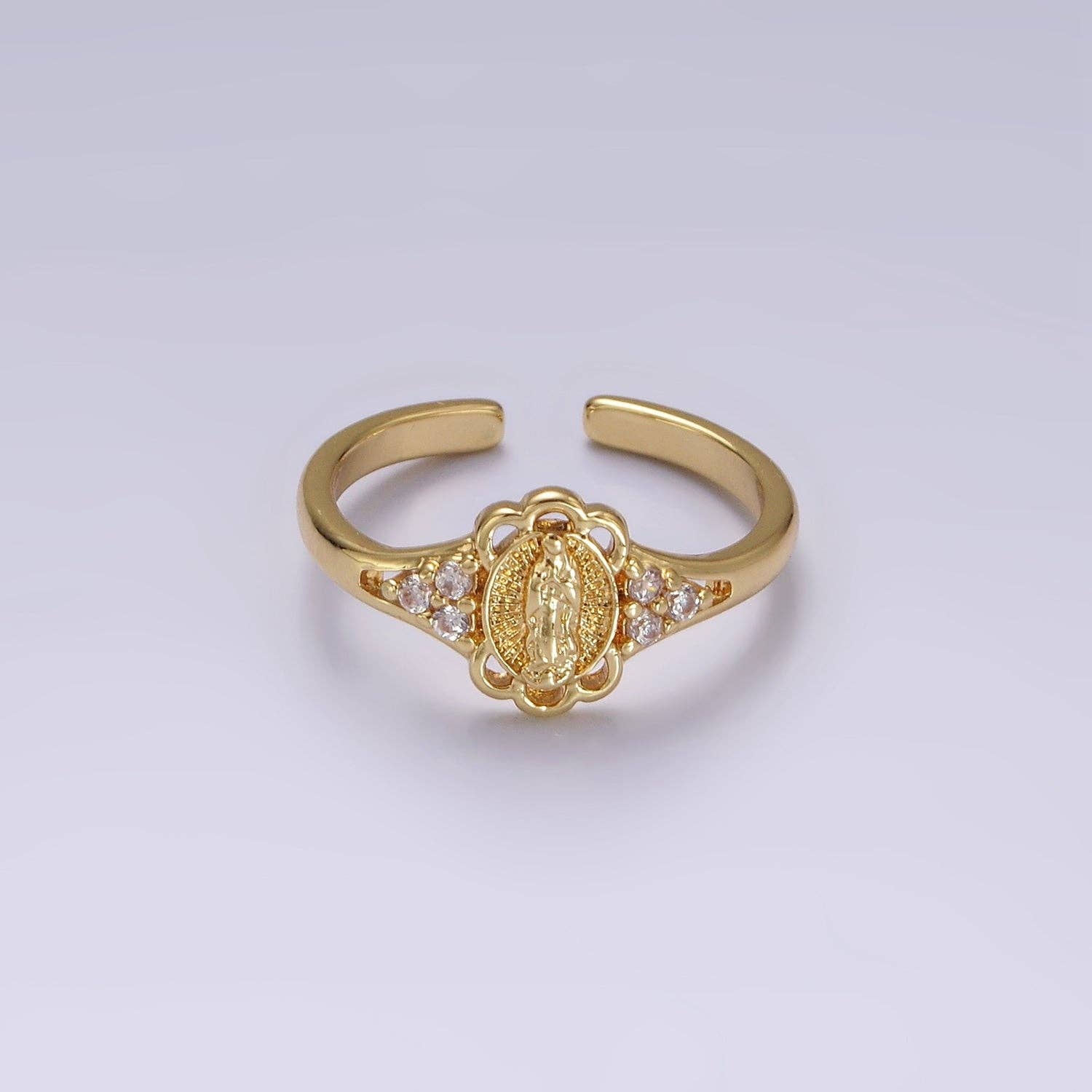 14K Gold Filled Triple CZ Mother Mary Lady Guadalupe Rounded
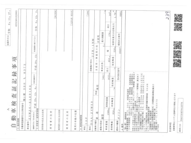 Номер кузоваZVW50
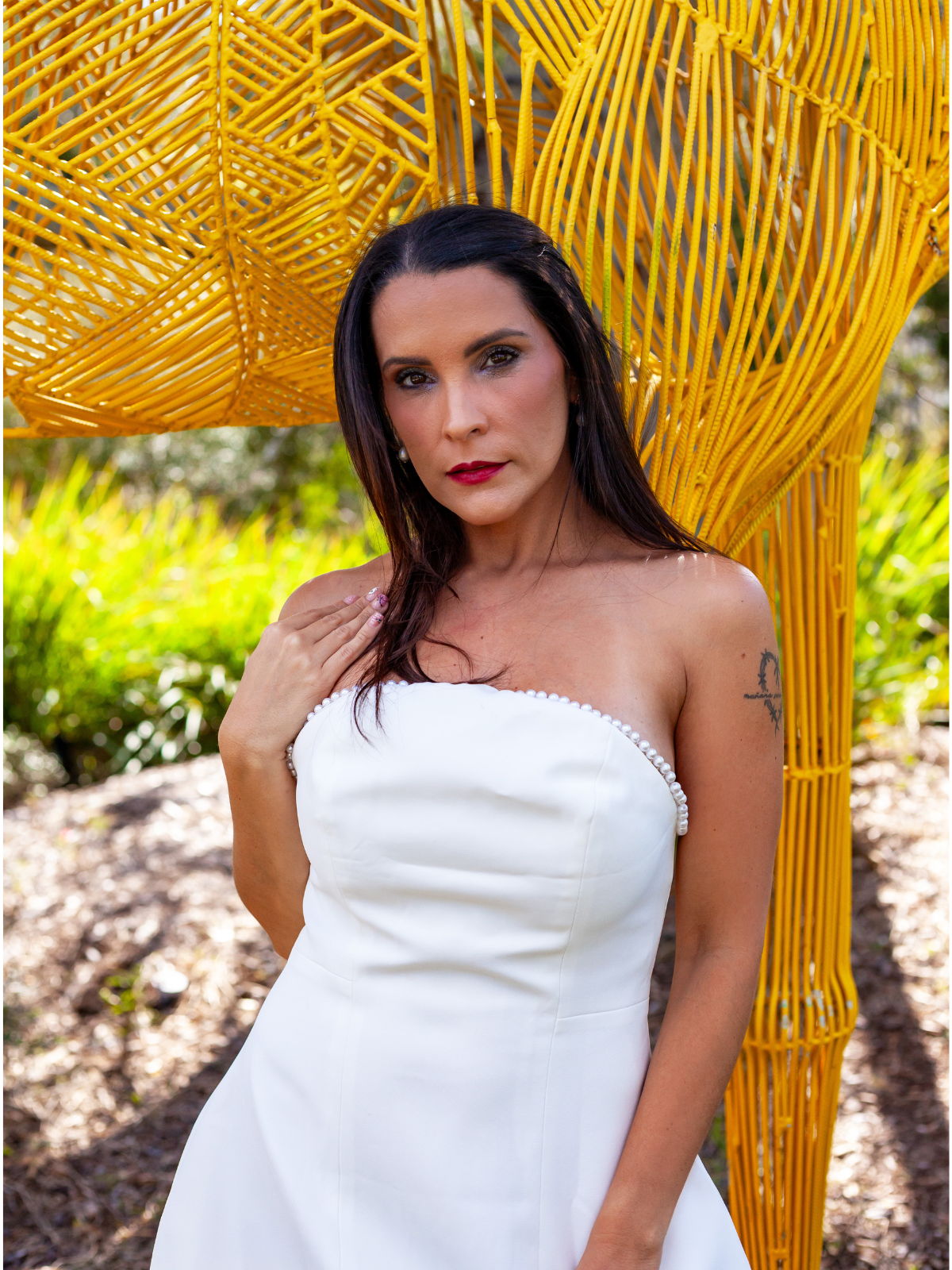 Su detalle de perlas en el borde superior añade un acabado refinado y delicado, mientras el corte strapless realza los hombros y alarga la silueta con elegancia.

### [TASK TO COMPLETE]
The expected answer is the data retyped exactly, without pictures.

### [RESULT]
 14K Gold Filled Triple CZ Mother Mary Lady Guadalupe Rounded
 Номер кузоваZVW50
 Su detalle de perlas en el borde superior añade un acabado refinado y delicado, mientras el corte strapless realza los hombros y alarga la silueta con elegancia.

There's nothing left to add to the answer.